** Dataset section **
== Segment start ==

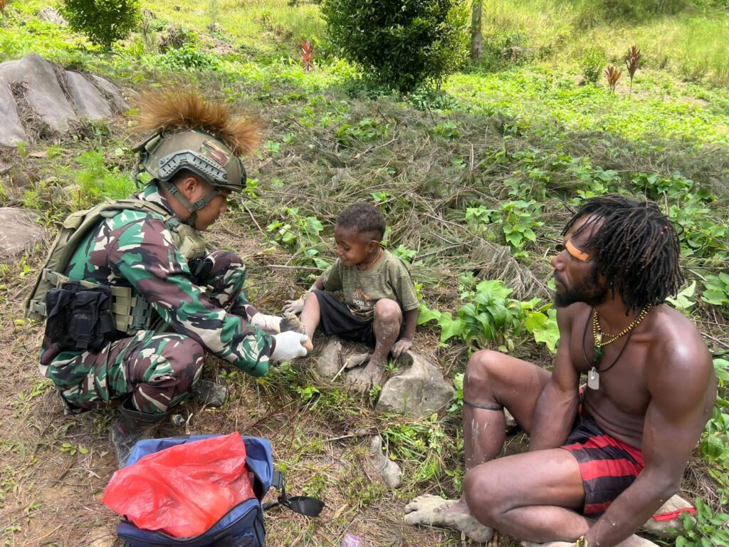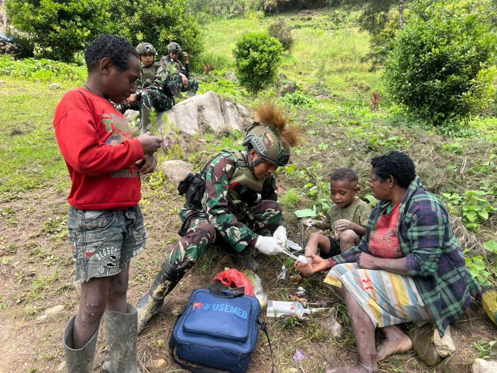 [ ILAGA, PAPUA ] – Di antara pegunungan yang menjulang dan kabut yang sesekali menyapa, denyut nadi kehidupan di Kampung Wuloni, Distrik Ilaga, berdetak pelan. Namun, pada sebuah hari yang cerah, suasana tenang itu disemarakkan oleh kedatangan para penjaga perbatasan, prajurit Satgas Yonif 700/WYC, yang tak hanya membawa senjata, tetapi juga kotak P3K dan hati yang tulus untuk menyembuhkan.
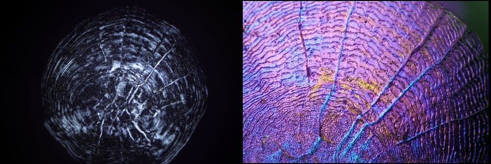Zum Präparat: da sich Fischschuppen beim Trocknen aufrollen, habe ich sie in einem Schälchen mit Wasser aufbewahrt. Das muß man regelmäßig wechseln, weil es sehr schnell stinkt. Dann habe ich die Schuppe, welche riesengroß ist, zwischen zwei Objektträger mit ausreichend Wasser geklemmt und mikroskopiert.
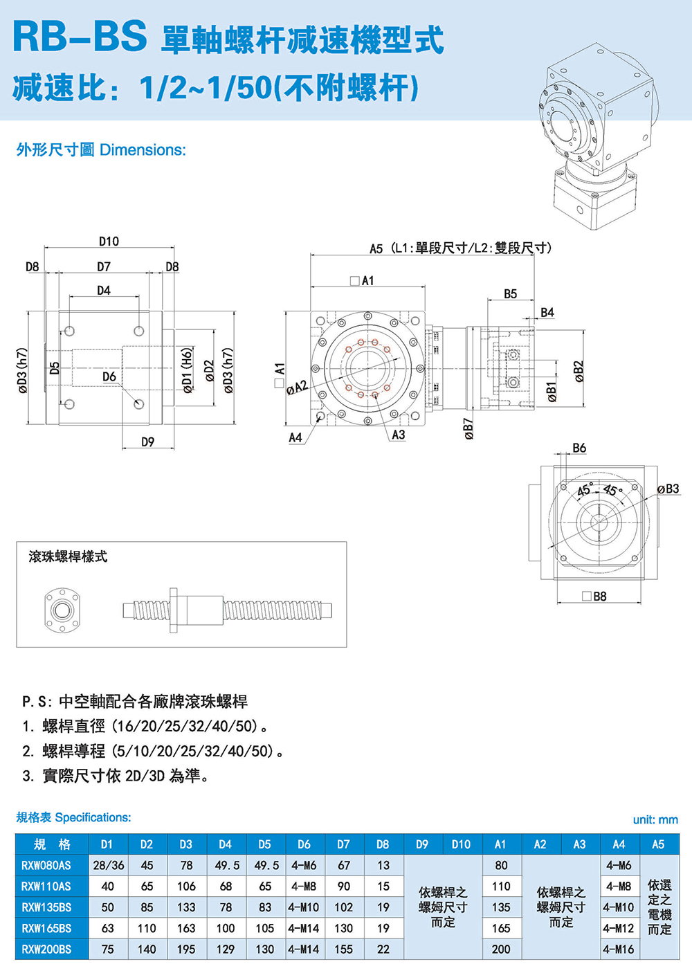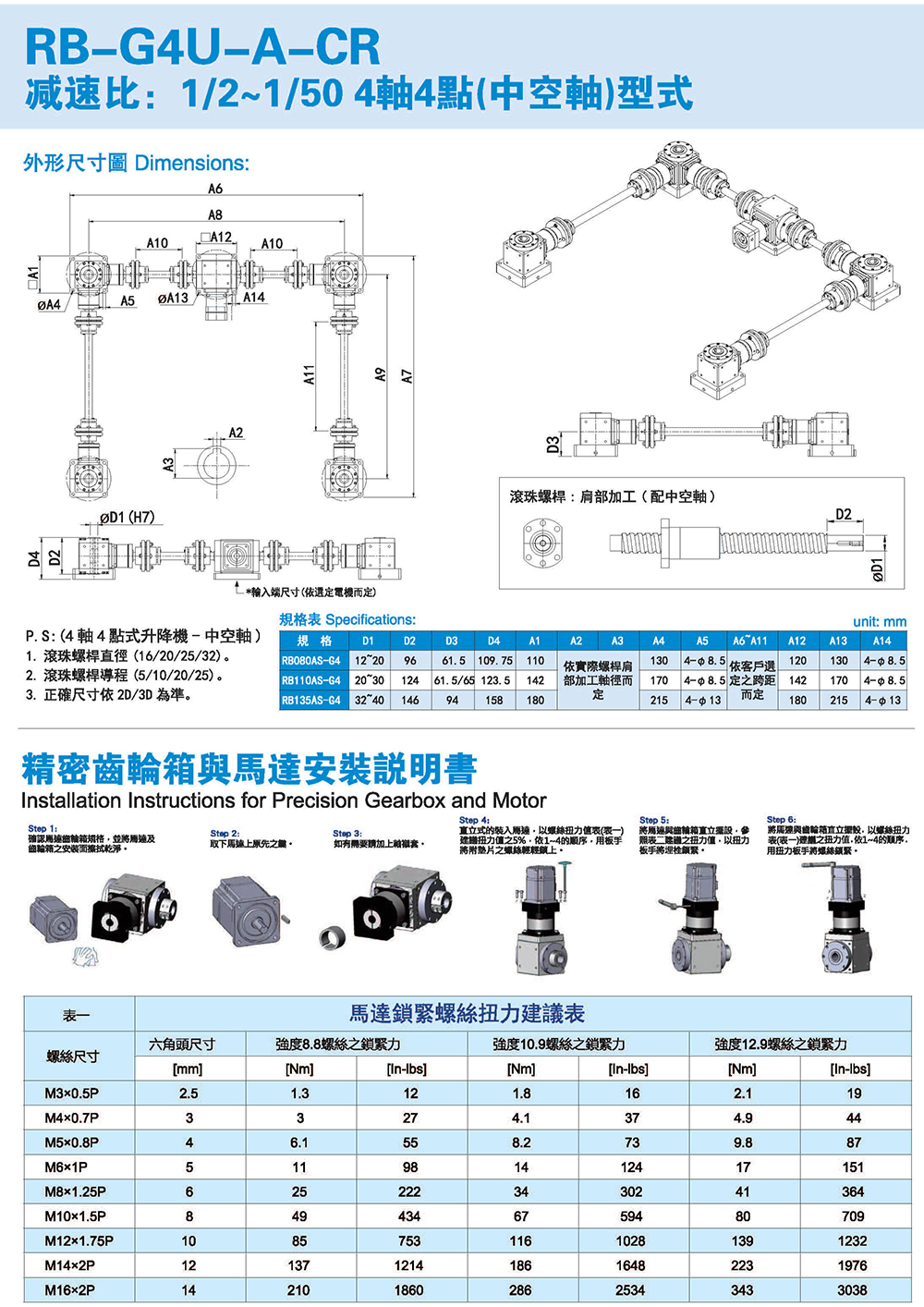 多樣化:輸出軸種類多樣化,有單出力軸型、雙出力軸型、中空軸型、中空法蘭型、中空軸錐形緊迫性、螺桿直線型、螺牙直線型。

== Segment end ==

** Work order **
Nothing but the pictures may be dropped; restate the material word for word.

** Reply **
 [ ILAGA, PAPUA ] – Di antara pegunungan yang menjulang dan kabut yang sesekali menyapa, denyut nadi kehidupan di Kampung Wuloni, Distrik Ilaga, berdetak pelan. Namun, pada sebuah hari yang cerah, suasana tenang itu disemarakkan oleh kedatangan para penjaga perbatasan, prajurit Satgas Yonif 700/WYC, yang tak hanya membawa senjata, tetapi juga kotak P3K dan hati yang tulus untuk menyembuhkan.
Zum Präparat: da sich Fischschuppen beim Trocknen aufrollen, habe ich sie in einem Schälchen mit Wasser aufbewahrt. Das muß man regelmäßig wechseln, weil es sehr schnell stinkt. Dann habe ich die Schuppe, welche riesengroß ist, zwischen zwei Objektträger mit ausreichend Wasser geklemmt und mikroskopiert.
 多樣化:輸出軸種類多樣化,有單出力軸型、雙出力軸型、中空軸型、中空法蘭型、中空軸錐形緊迫性、螺桿直線型、螺牙直線型。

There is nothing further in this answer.